(Beginning of Record extracts)
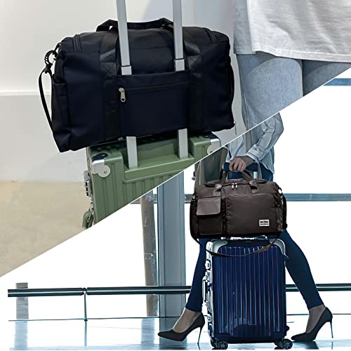 Generic - شنطة سفر للرجال او النساء، شنطة عطلة نهاية الاسبوع لصالة الالعاب الرياضية مع حجرة حذاء قابلة للطي، شنطة لقضاء ليلة، مقاومة للماء متعددة الاغراض، شنطة سفر محمولة خفيفة الوزن, دي-بلاك، نايلون
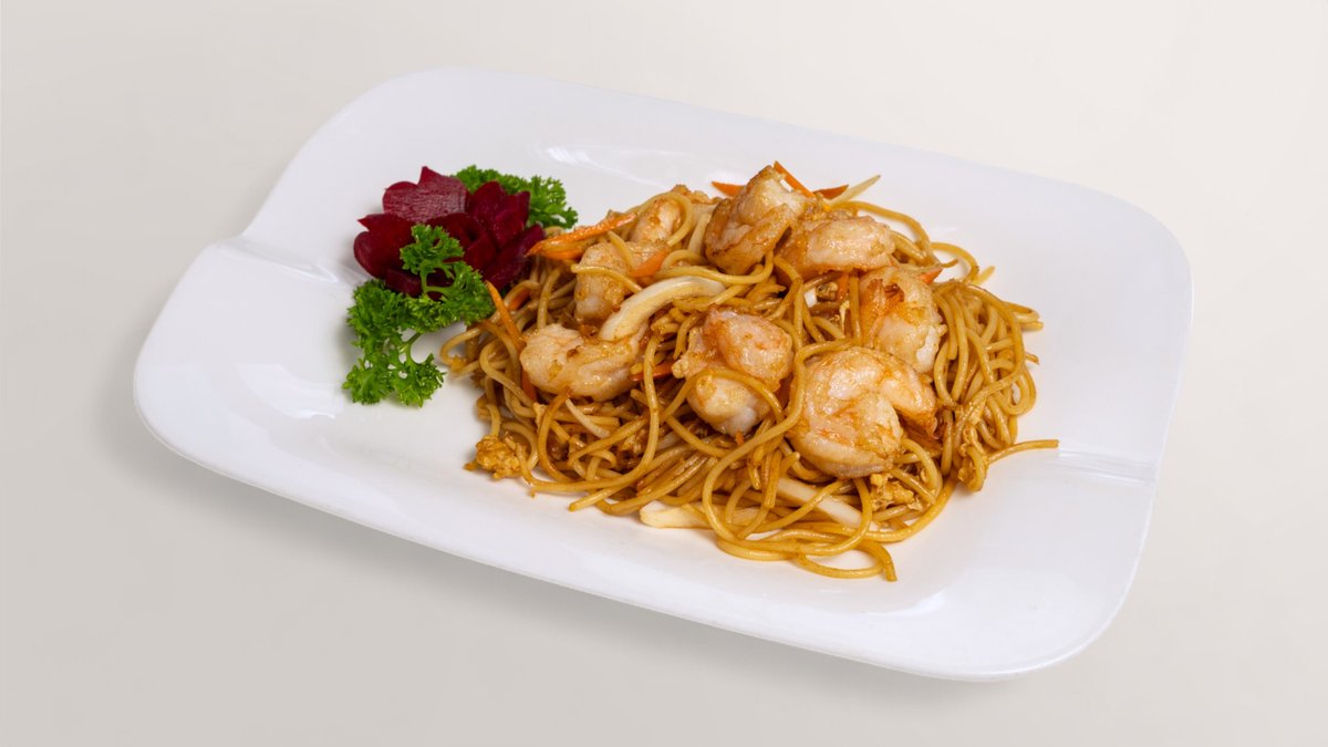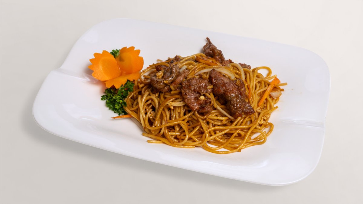 Nouilles sautés avec chou chinois, poivrons rouges et verts, et champignons Shiitake!
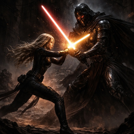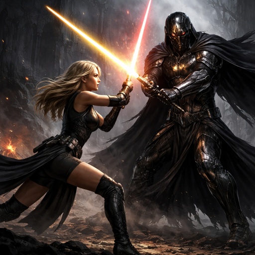 A full body picture of a female blonde Jedi in a black combat outfit holding a yellow lightsaber dueling a tall black si...
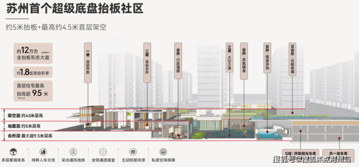 “悬浮”的社区,更自由的呼吸。约5米的抬板设计,让整个社区仿佛悬浮于地面之上,营造出一种轻盈、通透的视觉效果。走在社区里,你感受到的是开阔与自由,而不是传统社区的压抑与局促。
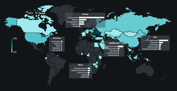 Iran-aligned groups, on the other hand, compromised several financial services firms in Africa – a continent geopolitically important to Iran, conducted cyberespionage against Iraq and Azerbaijan, neighboring countries with which Iran has complex relationships, and increased their stake in the transport sector in Israel. Despite this seemingly narrow geographical targeting, Iran-aligned groups maintained a global focus, further pursuing diplomatic envoys in France and educational organizations in the United States.
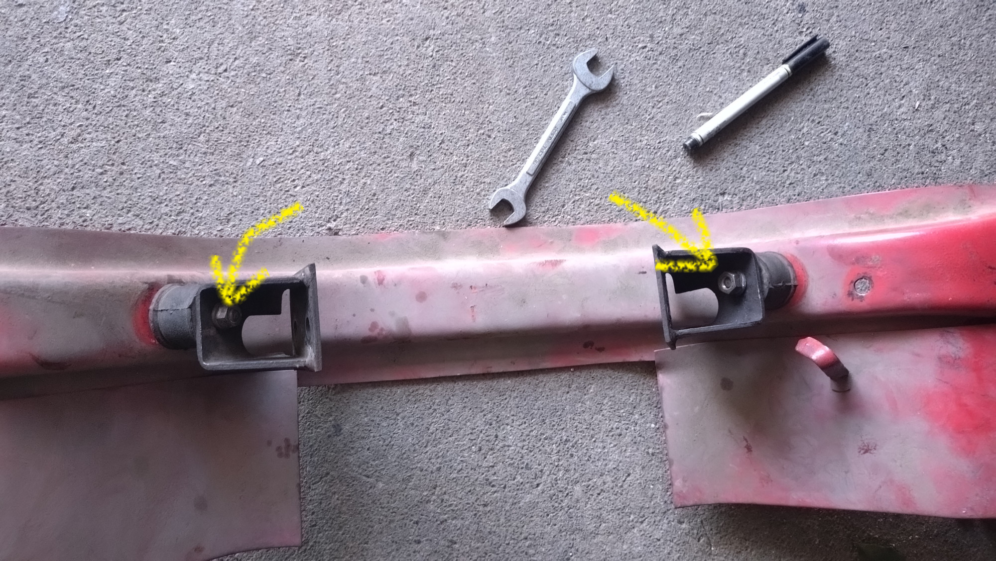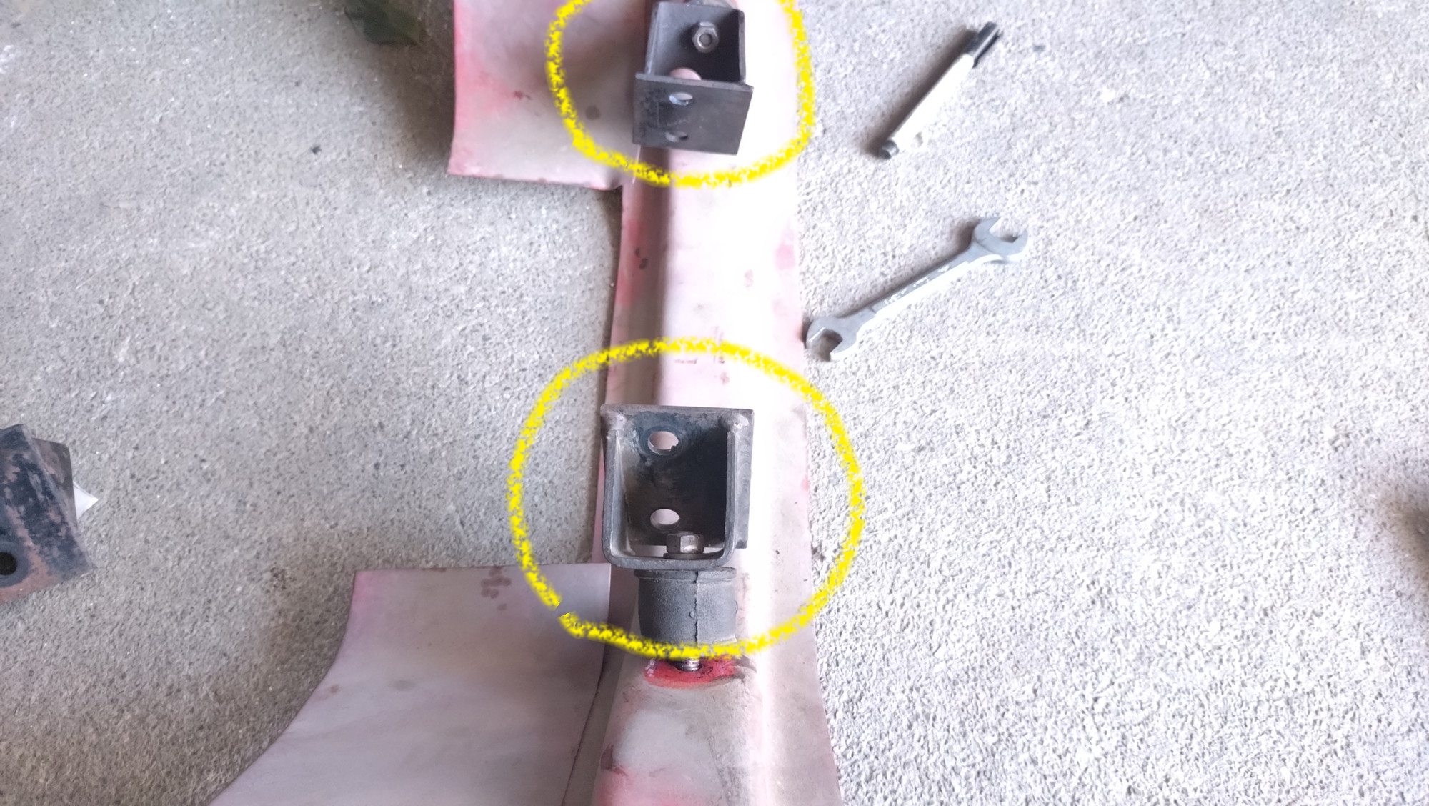 これは間違えた取り付け。インシュレーター取り付け丸穴が前方側にあるので✕。この穴が後ろ側になっている必要があります。つまり反対側に取り付けないといけないのです。
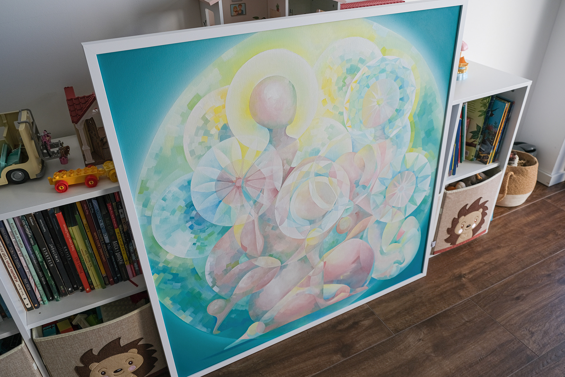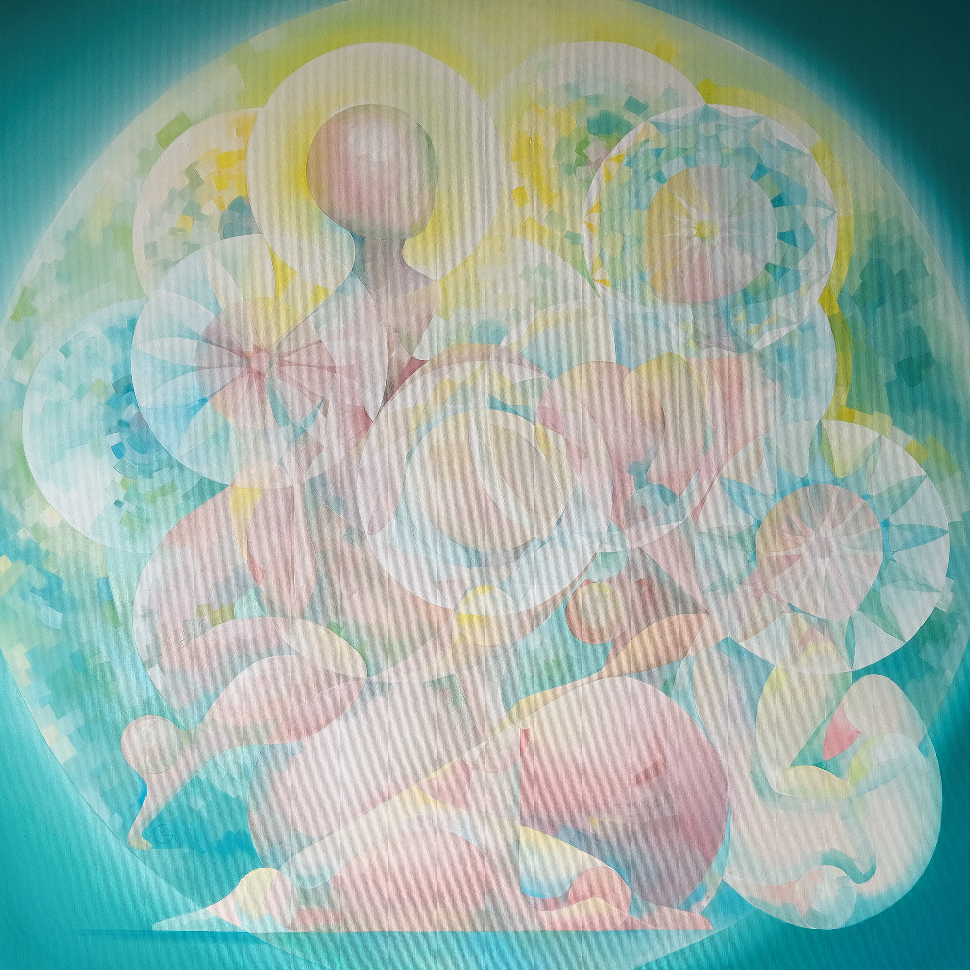 To embody the sacred purity, airiness, fertility, and transience of youth, I chose the image of the dandelion in its “clock” stage — the white, delicate puffball ready to disperse its seeds into the wind. The ornamental halos around the heads of the playful female figures are built by dividing the circle into 8 and 13 parts, echoing the natural geometry of the dandelion head — the crossing of 8 and 13 spirals. Conversation, listening, dreaminess, whispering, and detachment intertwine, weaving a melodic and harmonious pattern of the universe called Youth. The great circle outlines this universe, while the smaller circles symbolize the microcosm each of us carries within.
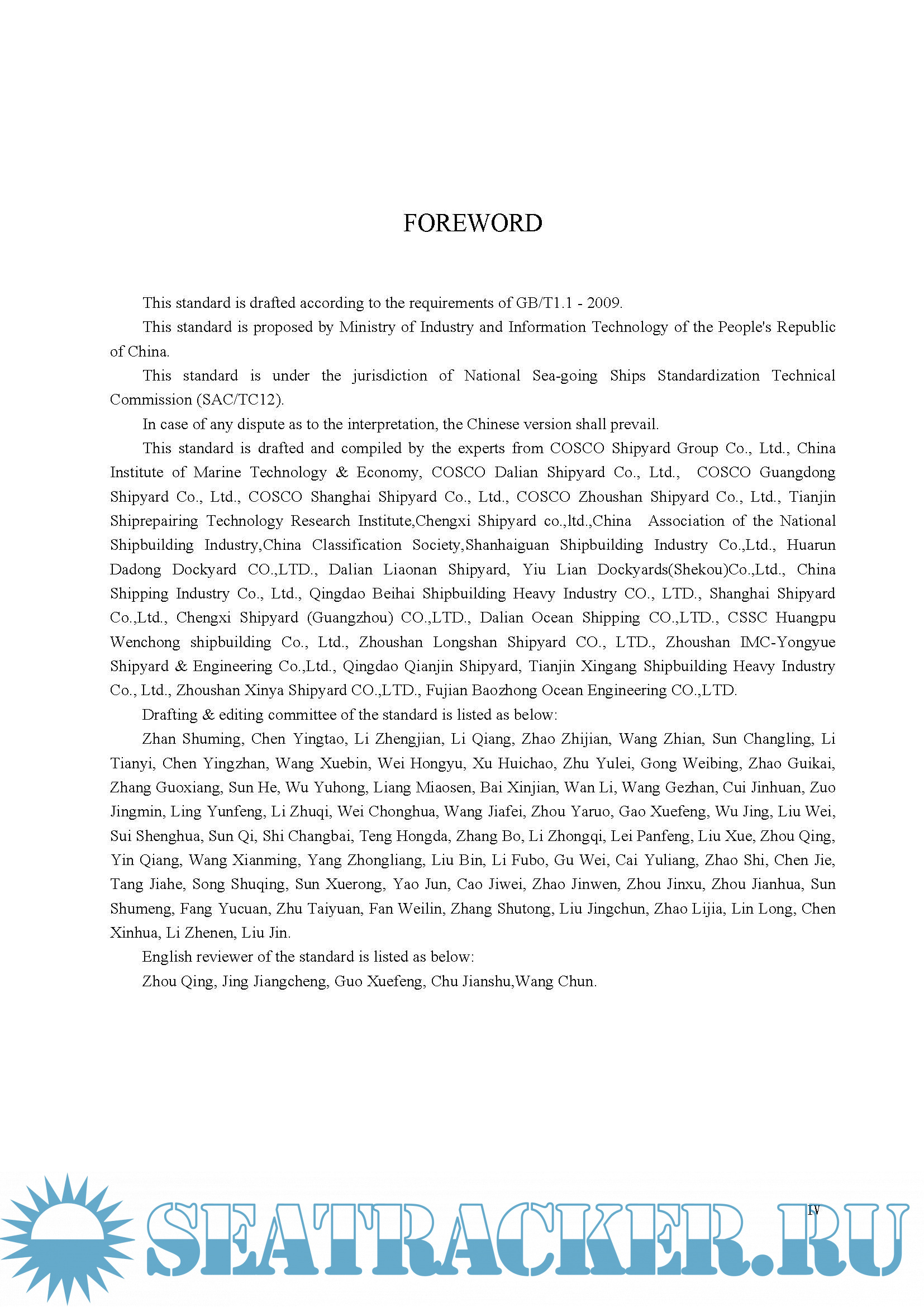 This standard is drafted and compiled by the experts from COSCO Shipyard Group Co., Ltd., China Institute of Marine Technology & Economy, COSCO Dalian Shipyard Co., Ltd., COSCO Guangdong Shipyard Co., Ltd., COSCO Shanghai Shipyard Co., Ltd., COSCO Zhoushan Shipyard Co., Ltd., Tianjin Shiprepairing Technology Research Institute,Chengxi Shipyard co.,ltd.,China Association of the National Shipbuilding Industry,China Classification Society,Shanhaiguan Shipbuilding Industry Co.,Ltd., Huarun Dadong Dockyard CO.,LTD., Dalian Liaonan Shipyard, Yiu Lian Dockyards(Shekou)Co.,Ltd., China Shipping Industry Co., Ltd., Qingdao Beihai Shipbuilding Heavy Industry CO., LTD., Shanghai Shipyard Co.,Ltd., Chengxi Shipyard (Guangzhou) CO.,LTD., Dalian Ocean Shipping CO.,LTD., CSSC Huangpu Wenchong shipbuilding Co., Ltd., Zhoushan Longshan Shipyard CO., LTD., Zhoushan IMC-Yongyue Shipyard & Engineering Co.,Ltd., Qingdao Qianjin Shipyard, Tianjin Xingang Shipbuilding Heavy Industry Co., Ltd., Zhoushan Xinya Shipyard CO.,LTD., Fujian Baozhong Ocean Engineering CO.,LTD.
(End of Record extracts)
The records above are to be duplicated exactly, pictures left out.

 Generic - شنطة سفر للرجال او النساء، شنطة عطلة نهاية الاسبوع لصالة الالعاب الرياضية مع حجرة حذاء قابلة للطي، شنطة لقضاء ليلة، مقاومة للماء متعددة الاغراض، شنطة سفر محمولة خفيفة الوزن, دي-بلاك، نايلون
 Nouilles sautés avec chou chinois, poivrons rouges et verts, et champignons Shiitake!
 A full body picture of a female blonde Jedi in a black combat outfit holding a yellow lightsaber dueling a tall black si...
 “悬浮”的社区,更自由的呼吸。约5米的抬板设计,让整个社区仿佛悬浮于地面之上,营造出一种轻盈、通透的视觉效果。走在社区里,你感受到的是开阔与自由,而不是传统社区的压抑与局促。
 Iran-aligned groups, on the other hand, compromised several financial services firms in Africa – a continent geopolitically important to Iran, conducted cyberespionage against Iraq and Azerbaijan, neighboring countries with which Iran has complex relationships, and increased their stake in the transport sector in Israel. Despite this seemingly narrow geographical targeting, Iran-aligned groups maintained a global focus, further pursuing diplomatic envoys in France and educational organizations in the United States.
 これは間違えた取り付け。インシュレーター取り付け丸穴が前方側にあるので✕。この穴が後ろ側になっている必要があります。つまり反対側に取り付けないといけないのです。
 To embody the sacred purity, airiness, fertility, and transience of youth, I chose the image of the dandelion in its “clock” stage — the white, delicate puffball ready to disperse its seeds into the wind. The ornamental halos around the heads of the playful female figures are built by dividing the circle into 8 and 13 parts, echoing the natural geometry of the dandelion head — the crossing of 8 and 13 spirals. Conversation, listening, dreaminess, whispering, and detachment intertwine, weaving a melodic and harmonious pattern of the universe called Youth. The great circle outlines this universe, while the smaller circles symbolize the microcosm each of us carries within.
 This standard is drafted and compiled by the experts from COSCO Shipyard Group Co., Ltd., China Institute of Marine Technology & Economy, COSCO Dalian Shipyard Co., Ltd., COSCO Guangdong Shipyard Co., Ltd., COSCO Shanghai Shipyard Co., Ltd., COSCO Zhoushan Shipyard Co., Ltd., Tianjin Shiprepairing Technology Research Institute,Chengxi Shipyard co.,ltd.,China Association of the National Shipbuilding Industry,China Classification Society,Shanhaiguan Shipbuilding Industry Co.,Ltd., Huarun Dadong Dockyard CO.,LTD., Dalian Liaonan Shipyard, Yiu Lian Dockyards(Shekou)Co.,Ltd., China Shipping Industry Co., Ltd., Qingdao Beihai Shipbuilding Heavy Industry CO., LTD., Shanghai Shipyard Co.,Ltd., Chengxi Shipyard (Guangzhou) CO.,LTD., Dalian Ocean Shipping CO.,LTD., CSSC Huangpu Wenchong shipbuilding Co., Ltd., Zhoushan Longshan Shipyard CO., LTD., Zhoushan IMC-Yongyue Shipyard & Engineering Co.,Ltd., Qingdao Qianjin Shipyard, Tianjin Xingang Shipbuilding Heavy Industry Co., Ltd., Zhoushan Xinya Shipyard CO.,LTD., Fujian Baozhong Ocean Engineering CO.,LTD.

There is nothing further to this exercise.